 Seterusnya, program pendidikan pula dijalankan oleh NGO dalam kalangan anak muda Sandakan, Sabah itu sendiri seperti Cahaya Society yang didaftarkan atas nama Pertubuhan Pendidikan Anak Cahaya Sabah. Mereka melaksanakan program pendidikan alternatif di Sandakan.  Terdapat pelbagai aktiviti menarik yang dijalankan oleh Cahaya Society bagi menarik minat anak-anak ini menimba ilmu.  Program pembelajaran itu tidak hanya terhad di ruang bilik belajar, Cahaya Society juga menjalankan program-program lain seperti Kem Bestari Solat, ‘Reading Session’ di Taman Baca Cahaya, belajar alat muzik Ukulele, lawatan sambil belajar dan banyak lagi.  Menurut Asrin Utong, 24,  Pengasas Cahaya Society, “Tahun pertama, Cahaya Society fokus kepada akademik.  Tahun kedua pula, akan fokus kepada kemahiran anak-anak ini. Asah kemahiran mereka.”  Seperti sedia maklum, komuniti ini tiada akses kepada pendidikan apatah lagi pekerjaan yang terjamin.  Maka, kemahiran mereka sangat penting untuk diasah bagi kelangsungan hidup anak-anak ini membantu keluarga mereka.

━━━━

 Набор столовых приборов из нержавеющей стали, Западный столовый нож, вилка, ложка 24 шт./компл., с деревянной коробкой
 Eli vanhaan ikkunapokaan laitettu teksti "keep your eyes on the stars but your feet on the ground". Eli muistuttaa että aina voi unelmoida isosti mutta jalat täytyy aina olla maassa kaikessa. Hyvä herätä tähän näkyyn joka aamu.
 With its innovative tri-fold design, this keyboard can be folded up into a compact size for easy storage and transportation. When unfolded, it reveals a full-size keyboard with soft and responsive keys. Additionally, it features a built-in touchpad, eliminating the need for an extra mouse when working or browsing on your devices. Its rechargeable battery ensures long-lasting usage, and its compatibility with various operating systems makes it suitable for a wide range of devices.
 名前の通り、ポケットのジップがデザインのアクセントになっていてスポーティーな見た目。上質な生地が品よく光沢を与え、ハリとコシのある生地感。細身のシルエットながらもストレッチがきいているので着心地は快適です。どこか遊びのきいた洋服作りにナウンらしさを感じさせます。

━━━━

Give again, word for word, every line of the listing above from the one with "Eli vanhaan ikkunapokaan" to the one with "名前の通り、ポケットのジップ", both inclusive, and nothing beyond them.

 Eli vanhaan ikkunapokaan laitettu teksti "keep your eyes on the stars but your feet on the ground". Eli muistuttaa että aina voi unelmoida isosti mutta jalat täytyy aina olla maassa kaikessa. Hyvä herätä tähän näkyyn joka aamu.
 With its innovative tri-fold design, this keyboard can be folded up into a compact size for easy storage and transportation. When unfolded, it reveals a full-size keyboard with soft and responsive keys. Additionally, it features a built-in touchpad, eliminating the need for an extra mouse when working or browsing on your devices. Its rechargeable battery ensures long-lasting usage, and its compatibility with various operating systems makes it suitable for a wide range of devices.
 名前の通り、ポケットのジップがデザインのアクセントになっていてスポーティーな見た目。上質な生地が品よく光沢を与え、ハリとコシのある生地感。細身のシルエットながらもストレッチがきいているので着心地は快適です。どこか遊びのきいた洋服作りにナウンらしさを感じさせます。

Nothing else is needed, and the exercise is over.